Material provided.
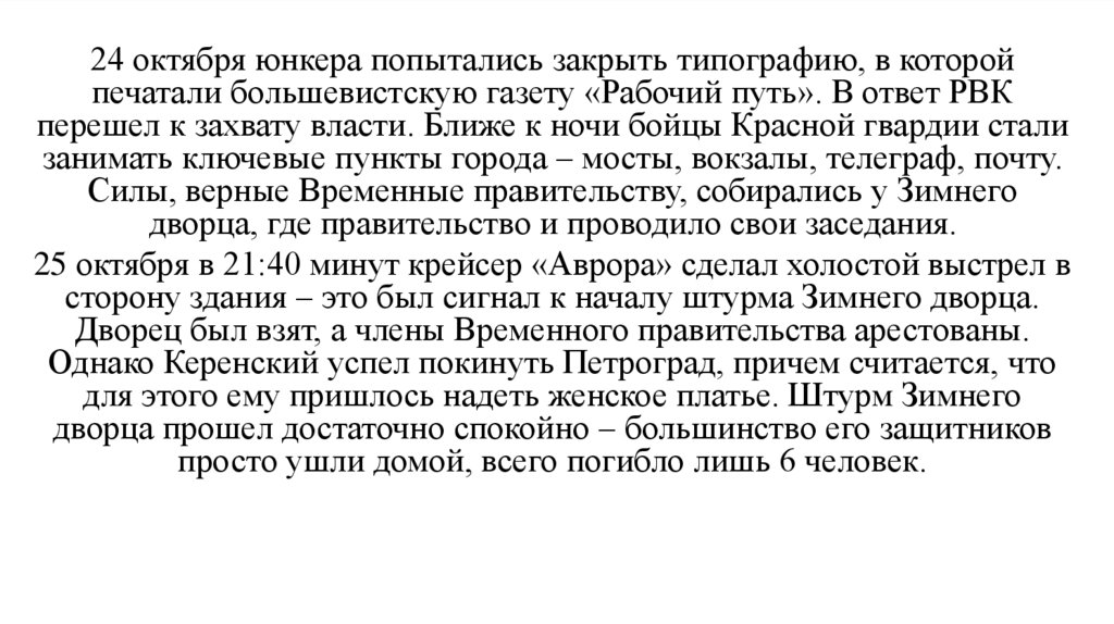 перешел к захвату власти. Ближе к ночи бойцы Красной гвардии стали
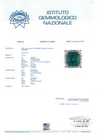 in oro bianco 18kt, al centro uno smeraldo taglio ottagonale di ct 18.20 circa, circondato da una fila di diamanti taglio brillante per ct 0.60 circa, colore F/G, purezza Vs/SI e diamanti taglio baguette per ct 0.60 circa, colore F/G, purezza IF/Vvs, punzoni 750 e del fabbricante, mis. 57, gr. 18. Corredato di certificato IGN del 18/10/2021 attestante le caratteristiche e l'origine geografica della pietra.
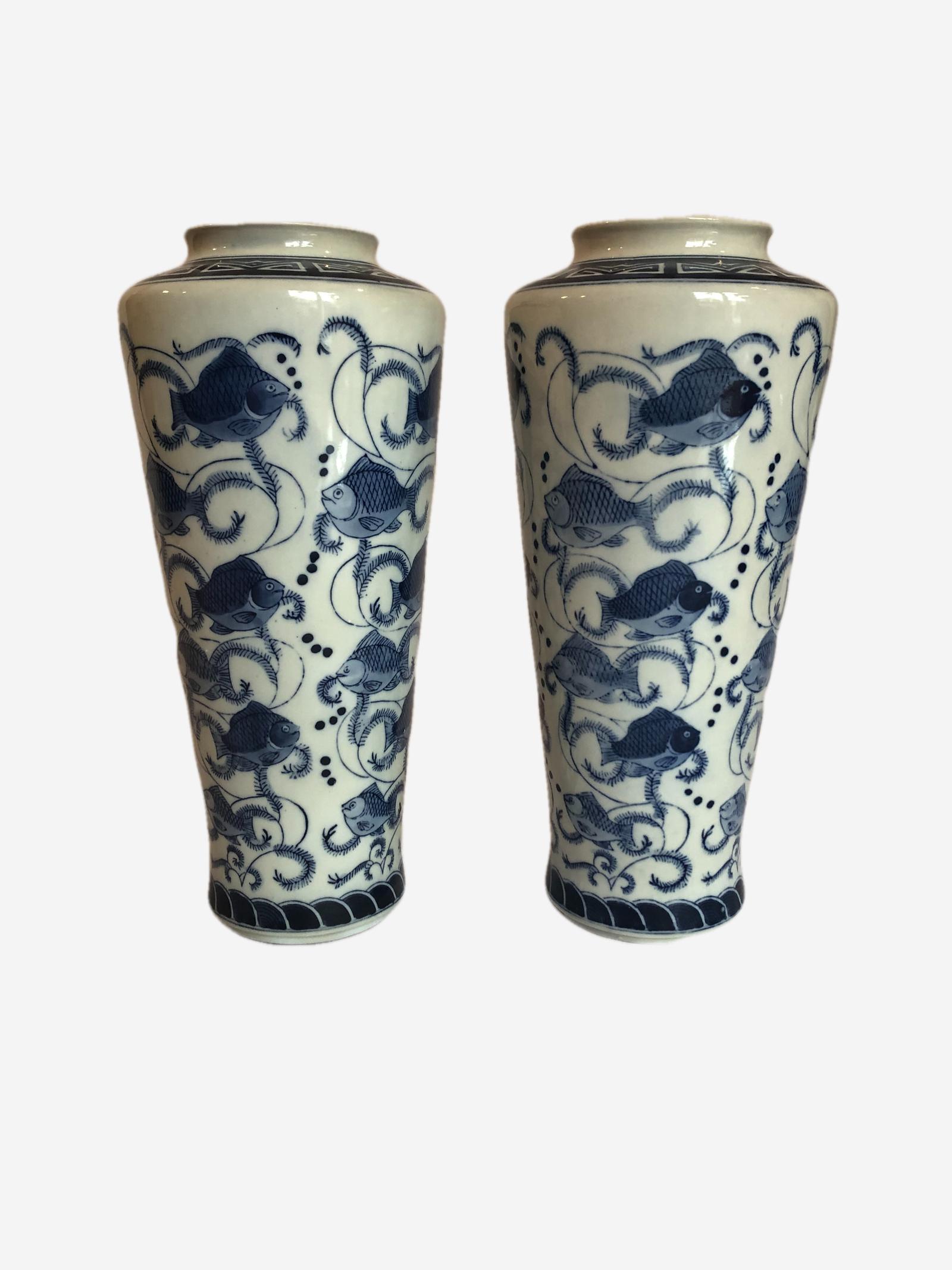 Pair of antique Chinese blue & white vases having quality hand painted carp in wonderful blue & white colours.
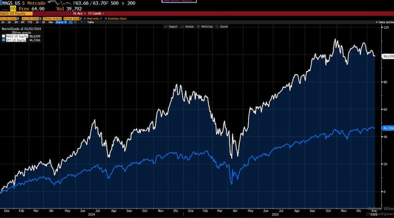 “Luego de varios años con una performance dominada por las grandes tecnológicas, las valuaciones exigentes de las Magnificent 7 vuelven más vulnerable ese posicionamiento y empiezan a habilitar una rotación hacia segmentos con múltiplos más razonables”, afirmaron.

Exercise prompt.
A faithful copy of all the data above is required, printed exactly and with no pictures.

Response area.
 перешел к захвату власти. Ближе к ночи бойцы Красной гвардии стали
 in oro bianco 18kt, al centro uno smeraldo taglio ottagonale di ct 18.20 circa, circondato da una fila di diamanti taglio brillante per ct 0.60 circa, colore F/G, purezza Vs/SI e diamanti taglio baguette per ct 0.60 circa, colore F/G, purezza IF/Vvs, punzoni 750 e del fabbricante, mis. 57, gr. 18. Corredato di certificato IGN del 18/10/2021 attestante le caratteristiche e l'origine geografica della pietra.
 Pair of antique Chinese blue & white vases having quality hand painted carp in wonderful blue & white colours.
 “Luego de varios años con una performance dominada por las grandes tecnológicas, las valuaciones exigentes de las Magnificent 7 vuelven más vulnerable ese posicionamiento y empiezan a habilitar una rotación hacia segmentos con múltiplos más razonables”, afirmaron.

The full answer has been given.